Schlusslicht sind die Anteilsscheine der Deutschen Bank mit minus 2,1 Prozent. Allerdings hatten sie in den vergangenen sechs Handelstagen einen Erholungskurs eingeschlagen und dabei um insgesamt 13 Prozent zugelegt. Da scheinen einige Anleger heute erste Gewinne bei der Aktie zu realisieren.

Axel Springer im MDax an der Spitze

Im MDax profitierten die Papiere von Scout24 mit plus 2,5 Prozent und Axel Springer mit plus 5,6 Prozent von positiven Analystenkommentaren. Die Aktie des Online-Marktplatzbetreibers wird nun von J.P. Morgan positiver gesehen und die Sorgen rund um regulatorische Änderungen in Deutschland als übertrieben bewertet. Die UBS empfiehlt nach dem deutlichen Kursverlust seit 12 Monaten die Aktie des Medienunternehmens Springer zum Kauf.

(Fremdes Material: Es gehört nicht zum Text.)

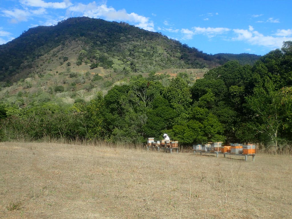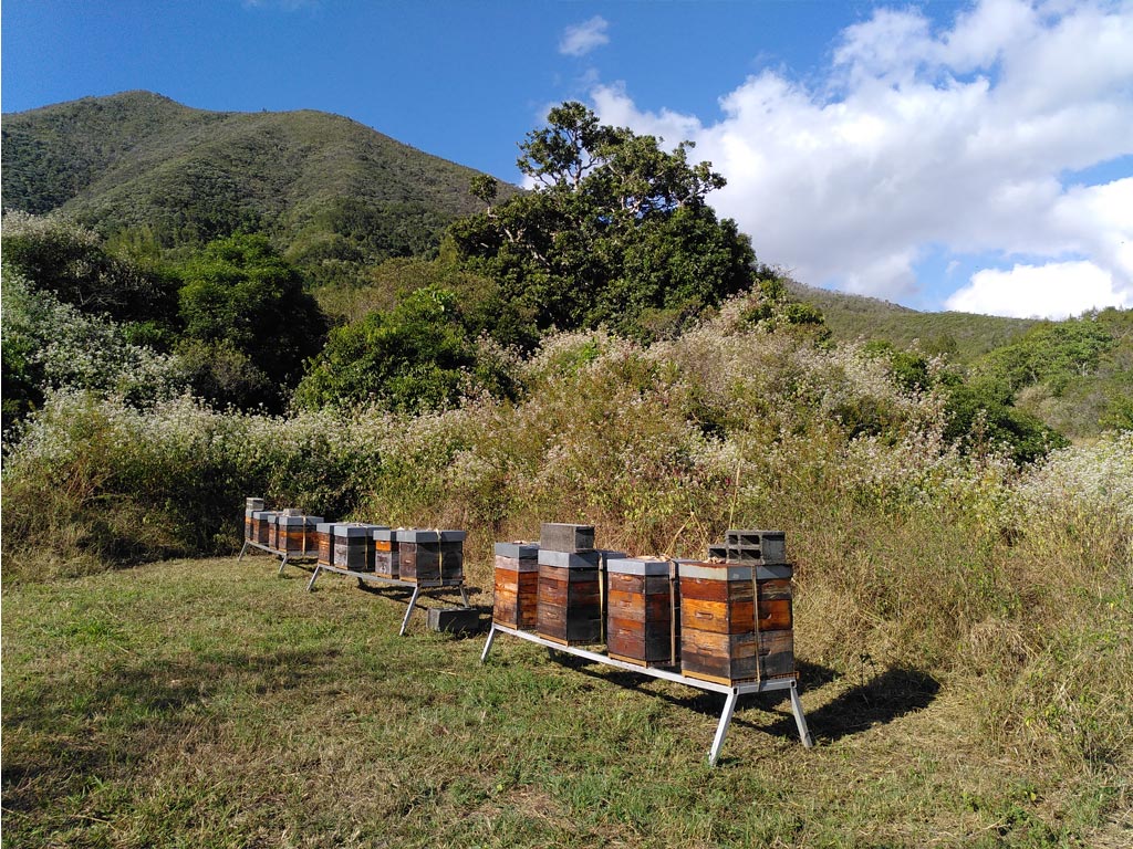 Notre cheptel est constitué d'une centaine de ruches de production de miel et d'une soixantaine de colonies pour l'élevage (reines fécondées et essaims), réparties sur neuf ruchers dans la région de Païta (Tomo, Karenga, Cheval, Col de la pirogue, Ferme Gaïa, Railstation et Katiramona).
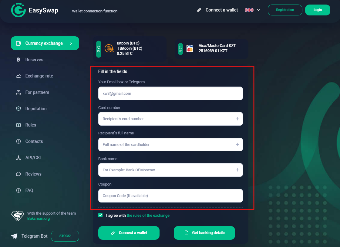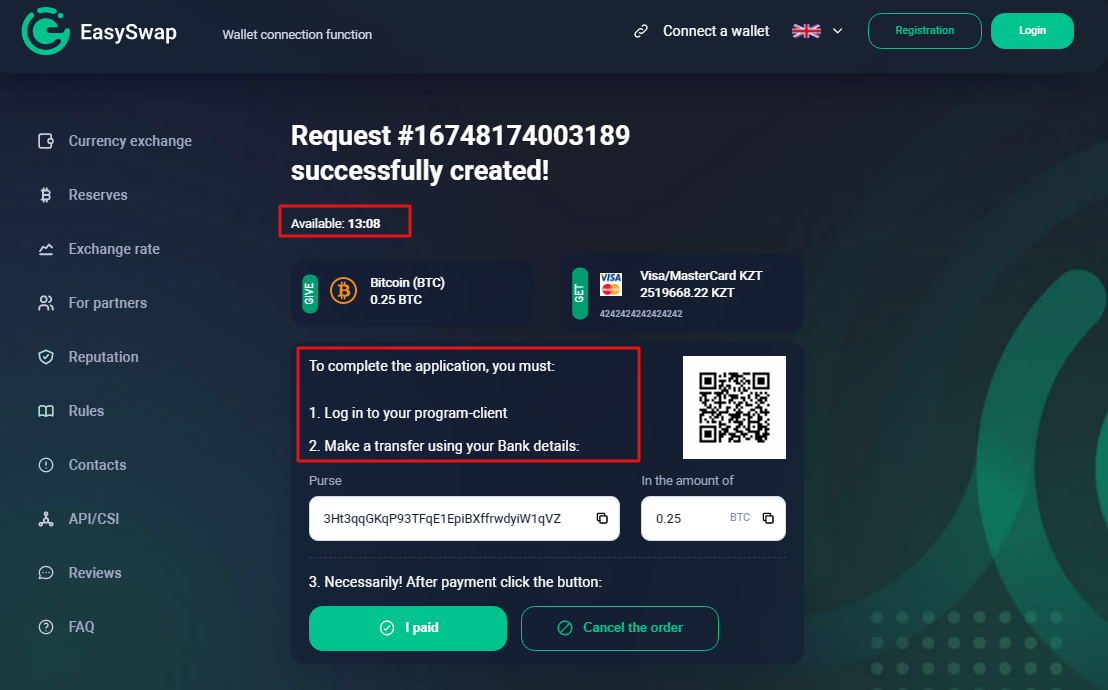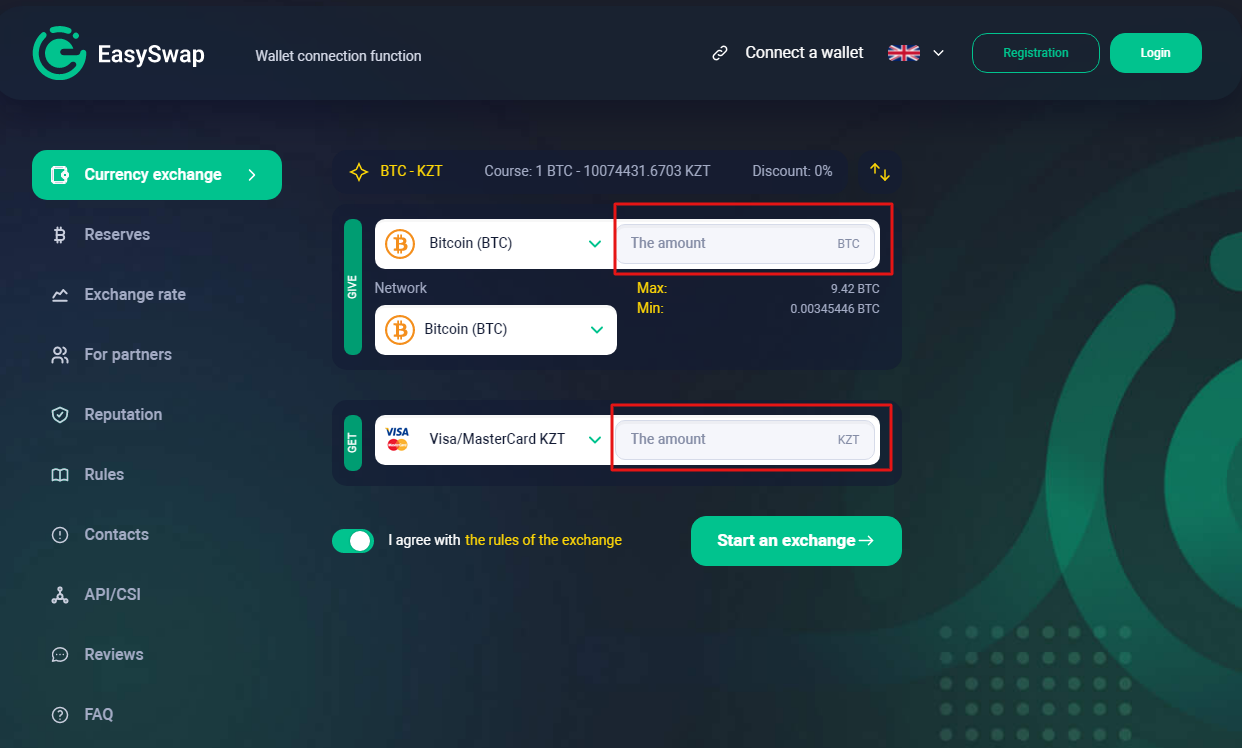 Değişim talebi oluşturma sürecini şu yön üzerinden inceleyelim: Bitcoin (BTC) – Visa/MasterCard KZT.

Chart Axel Springer 1 Jahr

1&1 Drillisch Schlusslicht im MDax

Die australische Investmentbank Macquarie hat 1&1 Drillisch von „Outperform“ auf „Neutral“ abgestuft und das Kursziel von 68 auf 45 Euro gekappt. Die Aussichten für deutsche Telekomanbieter seien unsicher, schrieb Analyst Guy Peddy in einer am Mittwoch vorliegenden Branchenstudie.

Dr. Hönle zieht nach

Ohne treibende Nachricht setzen sich die Papiere des Spezialisten für UV-Technologie für industrielle Anwendungen heute an die Spitze des SDax. Die Aktie musst zuletzt große Kursverluste hinnehmen. Da Anleger aktuell eher die Sorgenkinder von 2018 favorisieren, könnte das ein Grund für das Kursplus sein. In der Spitze legte die Aktie über 7 Prozent zu.

Chart Dr. Hönle 1 Jahr

Südzucker nicht durch Tochter belastet

Die Südzucker-Aktien stiegen marktkonform um 1,1 Prozent. Die endgültigen Quartalszahlen der Tochter CropEnergies bewegten nicht. Das Unternehmen aus der Branche der Erneuerbaren Energien hatte im dritten Geschäftsquartal wegen einer höheren Steuerbelastung weniger verdient als ein Jahr zuvor. Zugleich bestätigte es die zuvor bereits zwei Mal gesenkten Gesamtjahresziele. Die Papiere büßten 2,1 Prozent ein.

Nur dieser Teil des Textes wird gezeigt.